BMC Bioinformatics. 2013 Aug 16;14:249. doi: 10.1186/1471-2105-14-249.
Candidate disease gene prediction is a rapidly developing area of bioinformatics research with the potential to deliver great benefits to human health. As experimental studies detecting associations between genetic intervals and disease proliferate, better bioinformatic techniques that can expand and exploit the data are required.

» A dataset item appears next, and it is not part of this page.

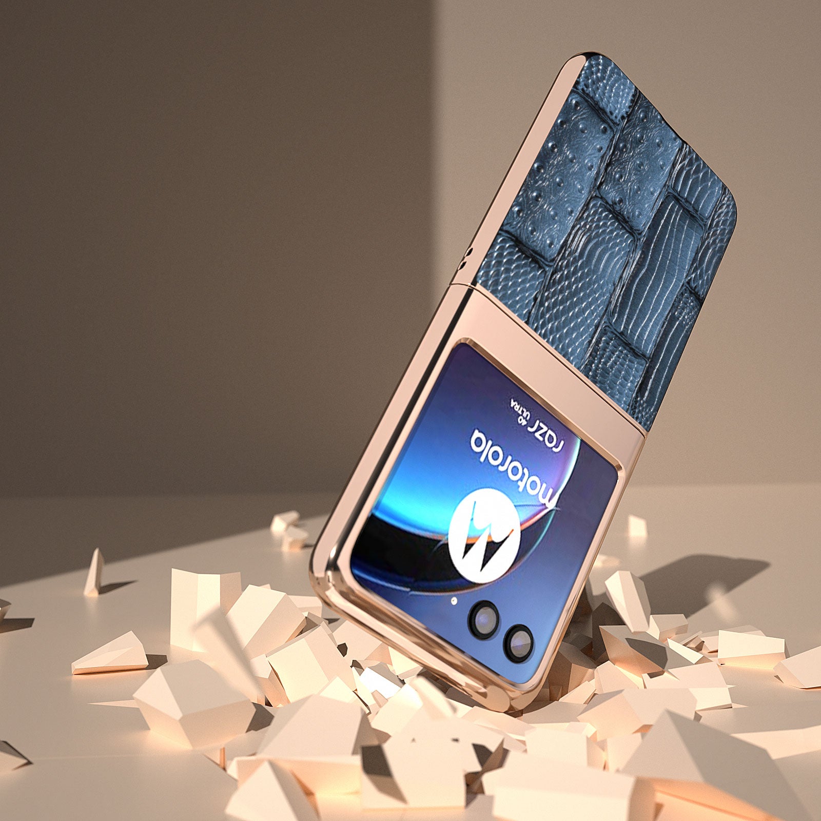 Uniqkart for Motorola Razr 40 Ultra 5G Mahjong Texture Genuine Cow Leather+PC Phone Case Nano Electroplating Phone Cover - Blue

Gentrepid is a web resource which predicts and prioritizes candidate disease genes for both Mendelian and complex diseases. The system can take input from linkage analysis of single genetic intervals or multiple marker loci from genome-wide association studies. The underlying database of the Gentrepid tool sources data from numerous gene and protein resources, taking advantage of the wealth of biological information available. Using known disease gene information from OMIM, the system predicts and prioritizes disease gene candidates that participate in the same protein pathways or share similar protein domains. Alternatively, using an ab initio approach, the system can detect enrichment of these protein annotations without prior knowledge of the phenotype.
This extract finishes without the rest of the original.